*** Begin section ***

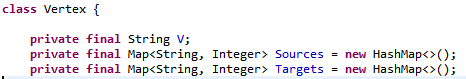 数据段 -V表示顶点,Sources表示以该顶点为终点的边的起点表,Targets表示以该顶点为起点的边的终点表,Map中String为顶点的对点,Integer为边的权值
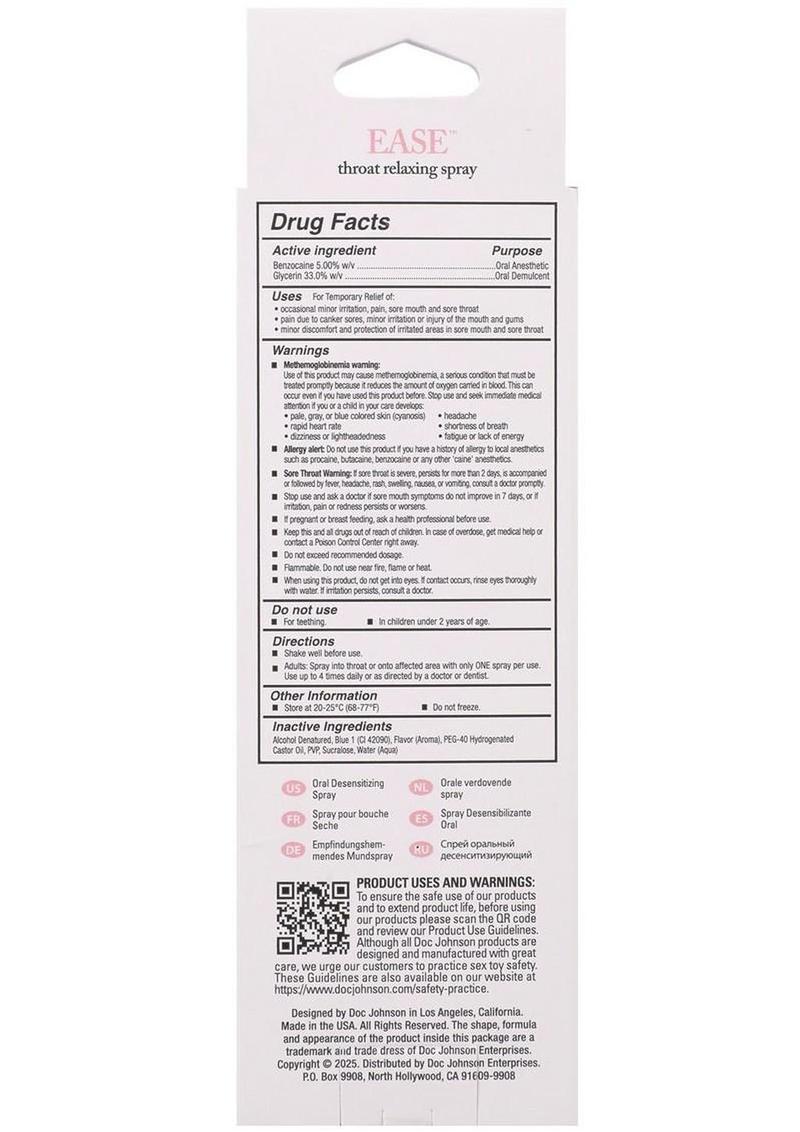 Easy oral has never been easier! Ease offers a delicious mild numbing agent with a delicious Cotton Candy flavored spray. No gag reflex, no discomfort, just a mind-blowing deep throat experience.
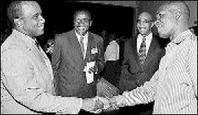 Winners handshake. The top performers in the National Commercial Bank (NCB) Auto Dealer Incentive Programme Ian Lyn (left) of Motor Sales and Services Ltd, and Lynvalle Hamilton of Auto Channel Ltd (right), congratulate each other at the bank's reception to thank its auto dealer partners. Stuart Reid (second left), NCB's branch manager and Dennis Cohen, deputy group managing director look on.
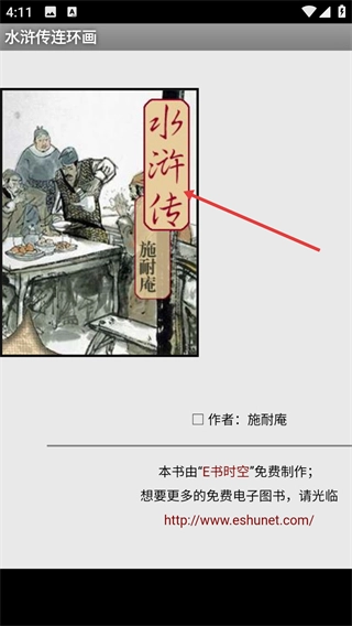 进入《水浒传连环画》电子读物后,能够查看书籍封面与作者信息,还能了解内容出品方以获取更多资源。
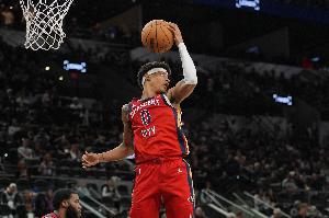 體育資訊11月13日訊 鵜鶘主場(chǎng)迎戰(zhàn)開拓者,上半場(chǎng)59-57領(lǐng)先。
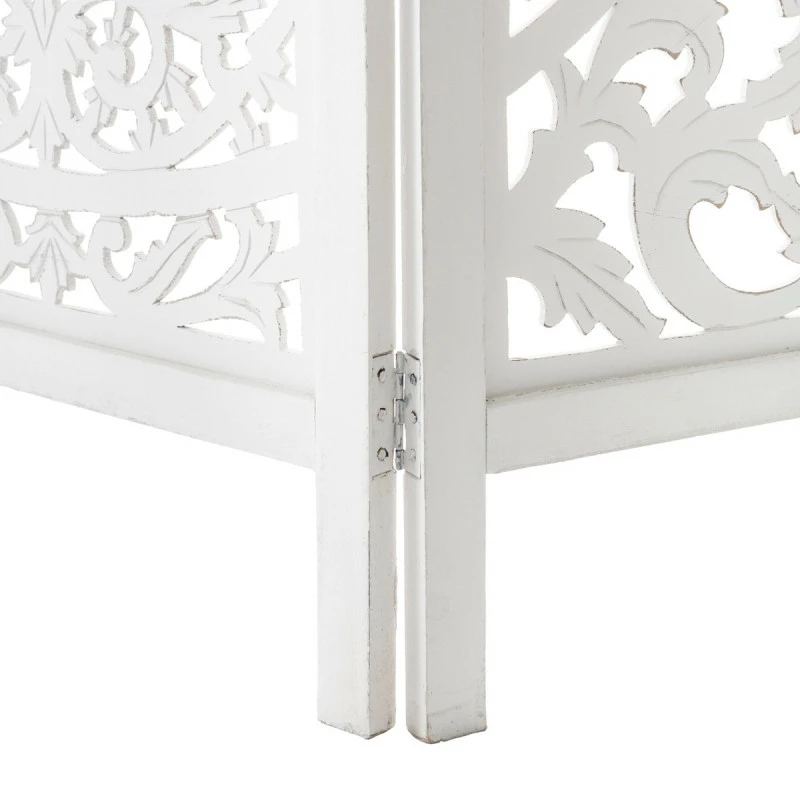 Paravent Blanc Terre Bois Sculpté Atmosphera – Image 3

*** End section ***

**Task prompt**
The answer is every line of the data, exactly as written, with the pictures dropped.

**Task output**
 数据段 -V表示顶点,Sources表示以该顶点为终点的边的起点表,Targets表示以该顶点为起点的边的终点表,Map中String为顶点的对点,Integer为边的权值
 Easy oral has never been easier! Ease offers a delicious mild numbing agent with a delicious Cotton Candy flavored spray. No gag reflex, no discomfort, just a mind-blowing deep throat experience.
 Winners handshake. The top performers in the National Commercial Bank (NCB) Auto Dealer Incentive Programme Ian Lyn (left) of Motor Sales and Services Ltd, and Lynvalle Hamilton of Auto Channel Ltd (right), congratulate each other at the bank's reception to thank its auto dealer partners. Stuart Reid (second left), NCB's branch manager and Dennis Cohen, deputy group managing director look on.
 进入《水浒传连环画》电子读物后,能够查看书籍封面与作者信息,还能了解内容出品方以获取更多资源。
 體育資訊11月13日訊 鵜鶘主場(chǎng)迎戰(zhàn)開拓者,上半場(chǎng)59-57領(lǐng)先。
 Paravent Blanc Terre Bois Sculpté Atmosphera – Image 3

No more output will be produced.